Architecture for a New World: Louis Kahn and Philadelphia
by Izzy Kornblatt (MDes ’19) — Recipient of the Design Studies Thesis Prize
This project reinterprets the architecture of Louis Kahn as expressing a particular experience of modernity rather than returning to an archaic past. Based upon extensive archival research and interviews, I argue that Kahn and his engineers, working in collaboration, derived a distinctive architecture from the ways of thought embedded in Philadelphia. I show the origins of Kahn’s method to be in the work of Frank Furness, passed on to Kahn by his mentor George Howe. From them Kahn inherited a commitment to an architecture of material and programmatic honesty—an architecture that against the abstraction of high modernism and formalism of the Beaux-Arts sought to reflect the conditions of contemporary life. Relying on the knowledge of his engineers, Kahn made that commitment concrete by integrating structure, building systems, and program into an architecture of clear and legible meaning.

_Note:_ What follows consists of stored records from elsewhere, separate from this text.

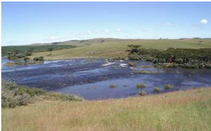
Figura 18 – Passo da Ilha.

Um belo lugar onde o rio Tainhas é cortado por uma estrada que liga a RS 020 (entre Cambará do Sul e Tainhas) à RS 110 (entre Várzea do Cedro e Bom Jesus). Neste ponto, o rio Tainhas torna-se raso e corre sobre um lageado, onde existe uma ilha no centro com recantos maravilhosos.
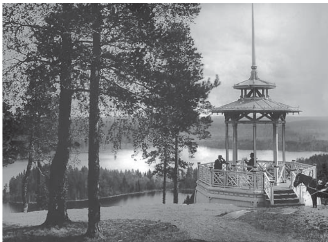
Teetarjoilua Aulangonvuoren nikkarityylisessä huvimajassa 1900-luvun alussa. Kuva: C.O. Saxelin. Postikortti. Yksityiskokoelma.

Pidämme Aulankoa kansallismaisemana. Tähän on kaksi eri syytä: kulttuurimaisema ja itse harju. Paikka on osa Vanajaveden laakson perinteikästä kulttuurimaisemaa, joka pohjoisesta Sääksmäen Rapolasta jatkuu Vanajanselän halki kaakkoon. Vesireitin varrelle sijoittuu keskiaikaisen Hämeen edustavimpia muistomerkkejä: Hattulan Pyhän Ristin kirkko, Lepaa ja muita vanhoja herraskartanoita sekä etelässä Hämeenlinna lukuisine muistomerkkei-
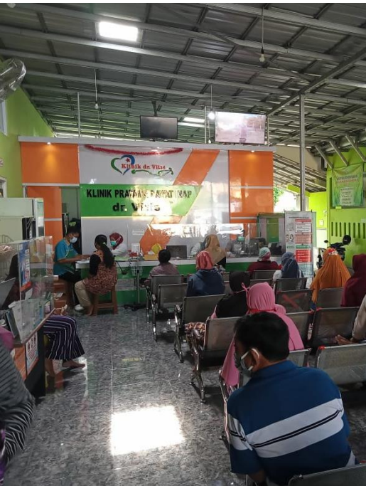
Bagian depan loket Klinik dr. Vitis
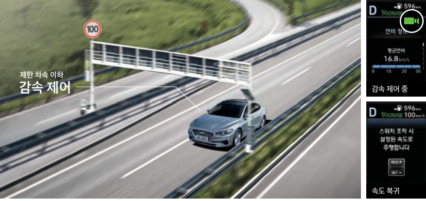
하이브리드 전용 콘텐츠

고속도로에서 크루즈 컨트롤 사용 시 내비게이션으로부터 수신하는 과속카메라 정보를 이용하여, 별도의 조작 없이 제한 차속 이하로 감속시켜주는 기능입니다.
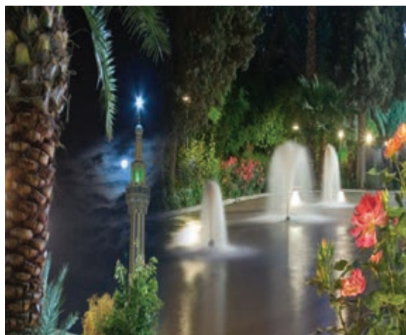
شکل ۳۰-۱۲- بارگاه امامزاده حسین بن موسی الکاظم
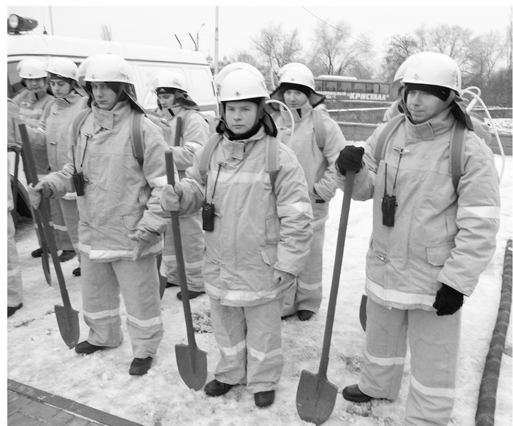
Пожарная команда из Воронежа.

В Воронеже обсудили состояние, проблемы и перспективы развития добровольной пожарной охраны
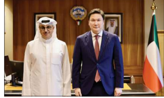
وزير الكهرباء والماء والطاقة المتجددة د. صبيح المخيزيم مستقبلاً سفير جمهورية كازاخستان يرزهان يلكيف
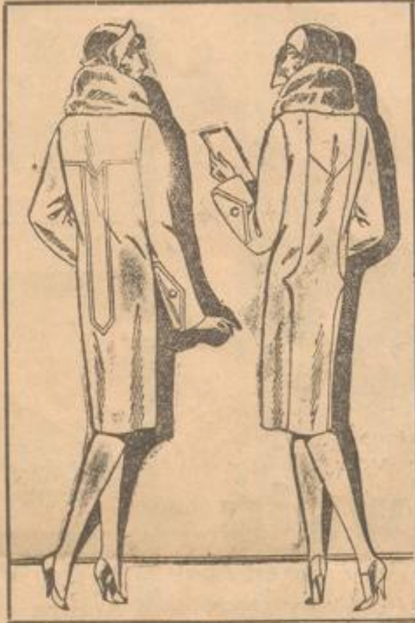
Flotter Ottomane - Mantel mit Plüschkragen . . . 12.50
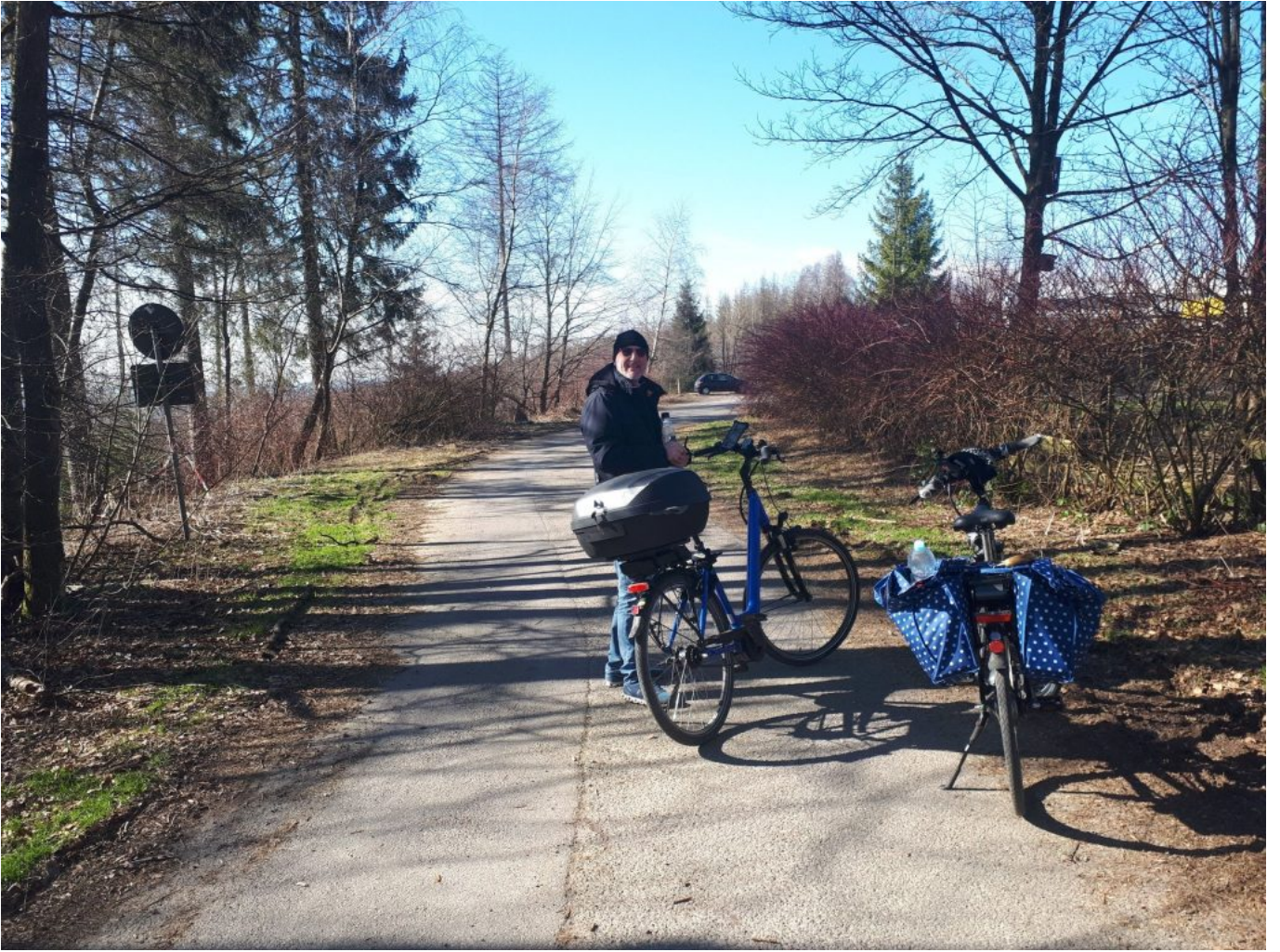
Radtour Wenden - Düsseldorf - 107 km - Puh

In making this case, I question the major claims of present Kahn scholarship: that Kahn’s mature architecture derives from the study of ancient ruins, and that Kahn represents a turn toward French neoclassicism. I argue instead for a research-based view of Kahn that returns agency to his work while dismantling the cult of genius that too often surrounds him. Ultimately, I argue that the historical importance of his work lies in the new approach toward the architectural subject that it introduced in 20th-century architecture—thanks to its derivation of form from contemporary realities and insistent rejection of aestheticism.